Garvan Walshe: We may not be interested in ungoverned spaces, but they are interested in us

Garvan Walshe was National and International Security Policy Adviser for the Conservative Party until 2008. He is now studying for a PhD at the University of Manchester, and is managing partner at The Research Department, a consultancy.

Hague’s “dangerous world” warning shows the folly of defence cuts

David Cameron runs his government like a lighthouse. Today’s issue receives the full glare of prime ministerial focus. Yesterday’s and tomorrow’s lie ignored in darkness. So we had, in response to a serious but not unprecedented hostage crisis in Algeria, a call to meet the “generational challenge” of Islamist extremism. Just 24 hours later, Philip Hammond, like a single brave officer ordered to hold an indefensible salient, announces the Army is to be cut by 5,000 men.

On taking office, the Coalition imagined itself as the export division of UK Plc. The foreign office was refocused on trade promotion. Embassies peripheral to this slated for closure. The “Strategic Defence and Security Review” became an exercise in cutbacks. Of the international departments, only DfID expanded. Readers of this blog may not be DfID’s firmest friends, but it is possible to imagine a long term economic as well as political and moral justification: countries that escape the poverty trap will contribute more to global economic growth and be larger markets to which we can export. It was as though Britain had finally reconciled itself to becoming the nation of shopkeepers Napoleon wished it had been.

What’s wrong, you may ask, with this? Labour left us with a vast economic mess. Don’t we owe it to the British people to use all elements of national power to return to economic growth? Wasn’t adventurism in foreign policy, if not entirely wrong, at best another boom time luxury we can’t afford?

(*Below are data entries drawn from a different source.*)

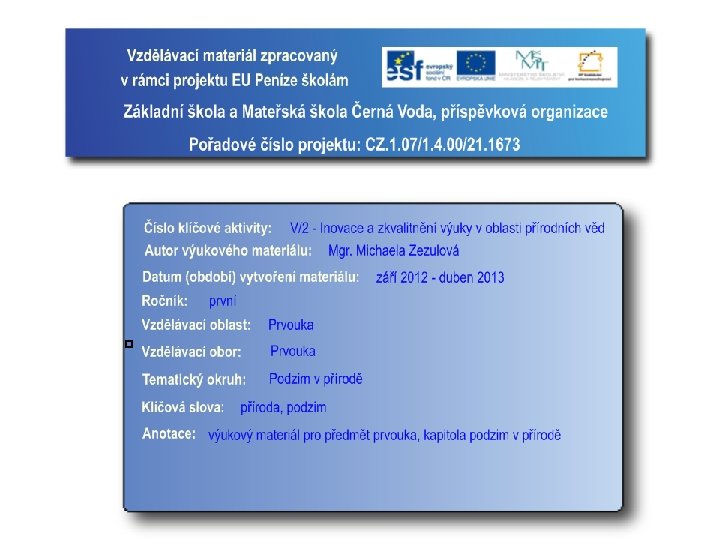 • • • • • • • Použité zdroje: http: //media. novinky. cz/445/294452 -top_foto 1 -g 7 wki. jpg? 1357300020 http: //www. vejnar. com/podzim 4/podzim 01. jpg http: //cms. tvujdum. cz/userdata/images/33391 vareni-a-stolvanirostilnysipekrecepty-foto-2. jpg http: //www. people. cz/mag/articles_photo/18033. jpg http: //zs 5 krnov. cz/skola/images/clanky/kastany/zaludy. jpg http: //bukvicky. wu. cz/bukvice. jpg http: //files. ovocezlutava. cz/system_preview_detail_200000037 -1 e 7481 f 6 cd/jablka%201. jpg http: //www. ireceptar. cz/res/data/070/008720. jpg http: //3. bp. blogspot. com/_P 4 qyk. DY 5 Hzo/TPi-a 9 PDiq. I/AAAAAEM/c. DQ 7 Dj. Vu. TKE/s 200/toptaste. jpg http: //www. kaloricketabulky. cz/fotografie-velka/769 effd 50 ea 0 c 318/jahody-zahradni. jpg http: //img 2. hyperinzerce. cz/x-cz/inz/8088852 -prodam-merunky-1. jpg http: //www. bedynkydomu. cz/fotky 10694/fotos/_vyr_111 meloun-vodni. jpg http: //www. nakupdomu. cz/editor/image/eshop_products/image_l_14734. jpg http: //sezonka. cz/wp-content/uploads/2012/05/Pixmac 000077689377. jpg http: //img. ella. centrum. cz/photos/2010/02/01/21 -204113 -celer. jpg http: //nd 03. jxs. cz/572/389/ee 8 b 6 bdf 1 c_62504838_o 2. jpg http: //cdn. bydleni. com/rimport/img/1009/petrzel_1. jpg http: //www. nasevyziva. cz/img_data_arch/1/1282412477 cla_cibule 7. jpg http: //www. allivictus. cz/images/articles/img_cesnek. jpg http: //www. semo. cz/homegardencz/img/nahledy/pb_fazol. jpg http: //www. skinbook. cz/files/goods/ruze 1/ruze 1_L_thumb_logo_big. jpg http: //www. dumabyt. cz/obrazek/clanek 17987/142_2. 5_300 x 261. jpg http: //oidnes. cz/10/092/maxi/MCE 35 c 70 f_hortenzie. JPG http: //www. zahradnictvifous. cz/pcss/chryzantemy/big/chryzantema-hrnkova-16. jpg http: //www. zahrada-zizka. cz/obr/calluna%20 vulgaris%20 darknessm. JPG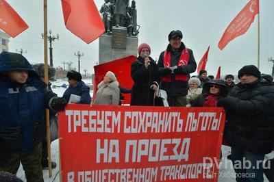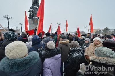 В субботу, 28 ноября, на Комсомольской площади Хабаровска состоялся митинг за отставку краевого руководства, организованный Хабаровским краевым комитетом КПРФ. Мероприятие проводилось в рамках кампании за отставку губернатора и правительства, а также роспуск Законодательной Думы Хабаровского края.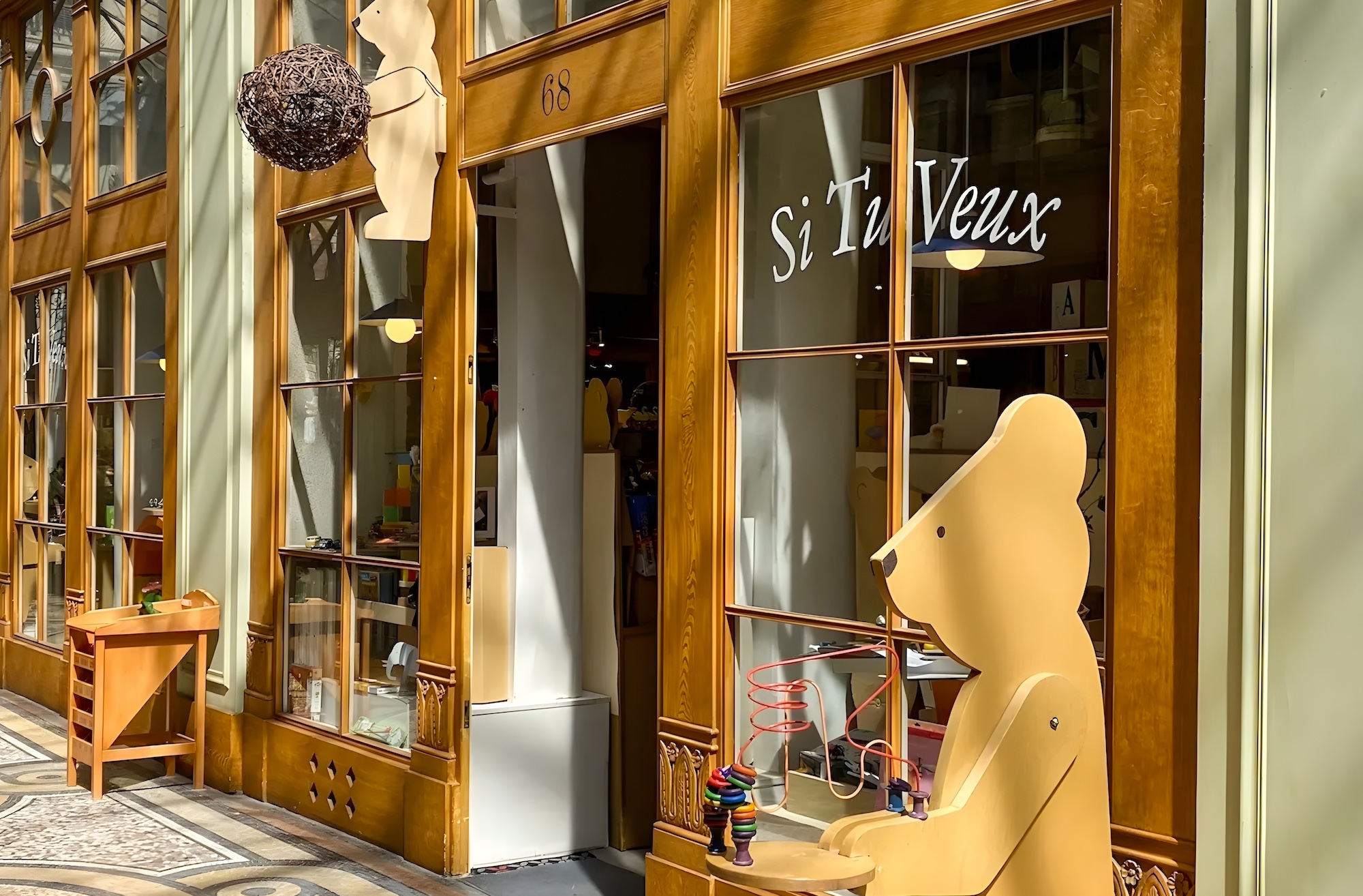 Si Tu Veux, located at 68 Galerie Vivienne 75002 Paris inside one of the city’s most picturesque passages, remains a sanctuary for wooden toys puzzles puppets and beautifully illustrated books.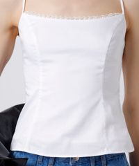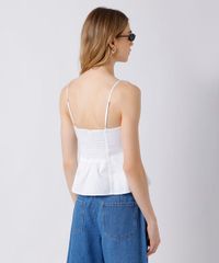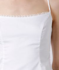 Bata feminina confeccionada em tecido plano de algodão. A peça tem modelagem levemente ajustada ao corpo, com recortes verticais e barras amplas. O modelo tem decote quadrado com renda aplicada, alças finas ajustáveis e lastex aplicado na parte posterior. Detalhe de acabamento pespontado na barra.

Not so fast. Just as a shopkeeper depends on police to apprehend shoplifters, courts to enforce contracts with customers and suppliers, and laws to uphold trading standards, economic growth is fastest when security and the rule of law can be relied upon. Security may appear costly, but insecurity is more expensive still. When a grocer’s daughter led the country though acute economic turmoil, she didn’t stint on the national defence.

Then it seemed relatively simple. The forces needed to contribute to the west’s containment of the Soviet Union could be dispatched to deal with the Argentine junta. It has become commonplace to see major, “industrial” interstate war receding, but remember at the Senkaku islands: it may not have receded enough. Another kind of mission is needed just as much.

Means, Motive and Opportunity

The Prime Minister was right to warn of the ungoverned spaces in which extremists and terrorists can organise, correct to highlight the importance of Islamist ideology in motivating them, and wise to understand that security measures need to be accompanied by a process to establish democracy and the rule of law.

Extremists and terrorists have, of course, been around for ever. Even transnational ideologies are hardly new (there were quite a few Socialist Internationals). Two things are different now. The ungoverned spaces are more numerous and less remote than they used to be; and the means of destruction available to small groups of men reach much farther than they once did.

We made a mistake in imagining that many dictatorships were somehow “legitimate” – that their authoritarian rule possessed at least the stabilising tacit consent of the people subjected to it. Often, they were brittle: their carapace of securocrats disguised a hodgepodge of deals between great families and their retainers. When the security system collapses, those left unprotected have to manage as best they can; those left unoppressed can at last seize the day.

Mali was perhaps an extreme example. Its government had resembled that of Ethelred the Unready, allowed to remain in power in exchange for refraining from asserting their writ over the country’s north. As I write French troops advance from town to town. This will be the easy bit. We can expect the rebels to settle in for a long guerilla war.

It’s yet another counterinsurgency and stabilisation mission. Our militaries, at least in principle, know what these involve, but Western governments shrink from providing them the capability. Traditional security is only ever a small part of the job. Constructing and reforming institutions is most of it. Though dangerous, it’s the work of diplomats, administrators and police more than soldiers. Aid organisations can be persuaded to help with more of this work than they will always admit, but in the end it is being done in the interest of national security, and goes against the apolitical culture of their industry.

The world is indeed more dangerous than it was imagined during the last Strategic Defence and Security Review. Afghanistan and Iraq (after the surge) aren’t aberrations. Long, expeditionary missions like it will be part of Western security policy for the foreseeable future. We had better prepare, in the next spending round, to take part in them. As an earlier international extremist said of war, we may not be interested in ungoverned spaces, but they are interested in us.